I work for Red Hat but have zero inside info on this. This is just my opinion.
I personally think they will be allowing some production use of free RHEL (assuming we get free RHEL. I expect we will but don't want to count chickens before they hatch). Enterprise production I don't know, but personal production or prod for non profits and/or open source projects, I could totally see that being an option. I'm personally excited for the announcement. I hope they get it out soon.
If that's true, this would go down as one of the most monumentally stupid executive decisions in Open Source history. It would make them look really, really stupid, like they had no clue why their users used their products.
Nobody wants to use CentOS. We have to use it because it's the cost-effective alternative to RHEL. And nobody wants to use RHEL either, but we have to, because vendors won't support anything else.
Part of this is our (the users'/businesses') own fault. We allowed our businesses to get away with depending on an OS with no support until we needed it, which is not really sustainable.
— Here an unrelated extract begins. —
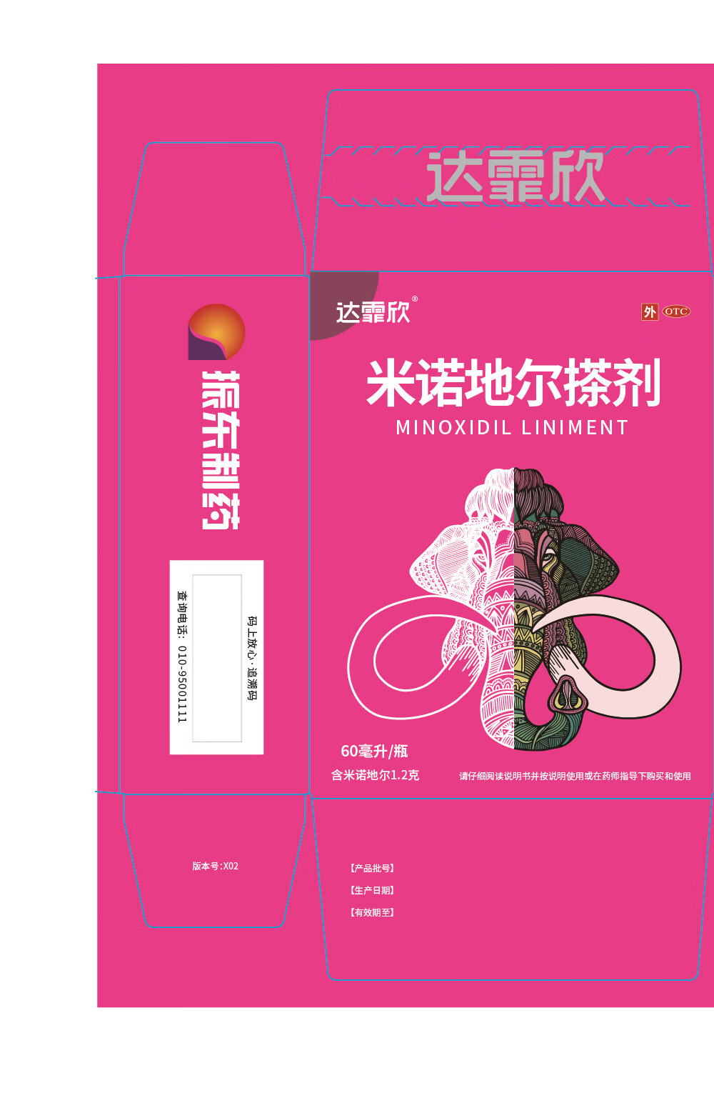 达霏欣5%米诺地尔搽剂60ml*3瓶【男士专用脱发疗程装】防脱高效生发剂育发发际线增长脱发斑秃达菲欣米洛地尔

What we maybe should have been doing is creating vendor-neutral open standards for the platform, like a standard kernel (vanilla, anyone?) and a standard userspace distribution (vanilla, anyone??). That way any Linux distro could "meet the standard" ("Install package standard-distro-20200816 to use packages and settings aligned with the standard", and then every vendor could support "the standard". Vendors wouldn't need to lock themselves into one distro, and we wouldn't either. Basically a POSIX for Linux. But there's no money to be had in that.
(It is in fact possible to run a Linux distro without patches. It's buggy as all hell, but it can be done.)
Yep Red Hat is in the process of figuring out some no-cost options (and lower cost options as well). I work for RH but am outside of this so have no internal insight.
> They are using this fallout as an opportunity to gauge the market. Risky to be sure, but they didn't do it without considering the risks.
Yes you're right, but it wasn't done this way intentionally. I agree they should have coincided these announcement, but it didn't happen that way. They're doing their best to work with what they have, but they certainly didn't intend to stoke the outrage in hopes to study it :-D
Lots of people use either Debian testing or significant amounts of backports on servers. I'm down with the idea that a non-enterprise distro with a contribution pathway is useful, and enterprise stability is mostly unnecessary.
But functionally, I don't think this helps resolve the issue. The issue is the business model, and RH will never make people happy while it attempts to charge for the OS. The basic thing people are after is RHEL itself, at no cost. That feels unreconcilable.
But then I actually tried out Stream, and thought deeper about it. I don’t really need to exactly match RHEL’s point releases. I don’t need 100% binary compatibility with RHEL. My installs don’t break between point releases or errata updates, why would a rolling release change that? I just need a rock-solid OS to run my applications on, and Stream seems to fill that need. Just ‘cause the update model was changed doesn’t mean the OS is unstable.
I agree with the authors claim that 95% of CentOS users will be perfectly happy with Stream. Of course, there is that remaining 5% gap, where I understand the frustration of those in that situation.
I already roll several other Red Hat upstream projects in production, including AWX (Ansible Tower) and oVirt (RHV). I’m sure RH would love for me to pay for support, but I don’t really need it. The upstreams serve me well enough.
The one thing I can’t get over though, is the decision to roll out this change in the middle of CentOS 8’s lifecycle, trimming out what, 8 years or so of support. That seriously stung. This decision should have been made a year or two ago, before CentOS 8 was released.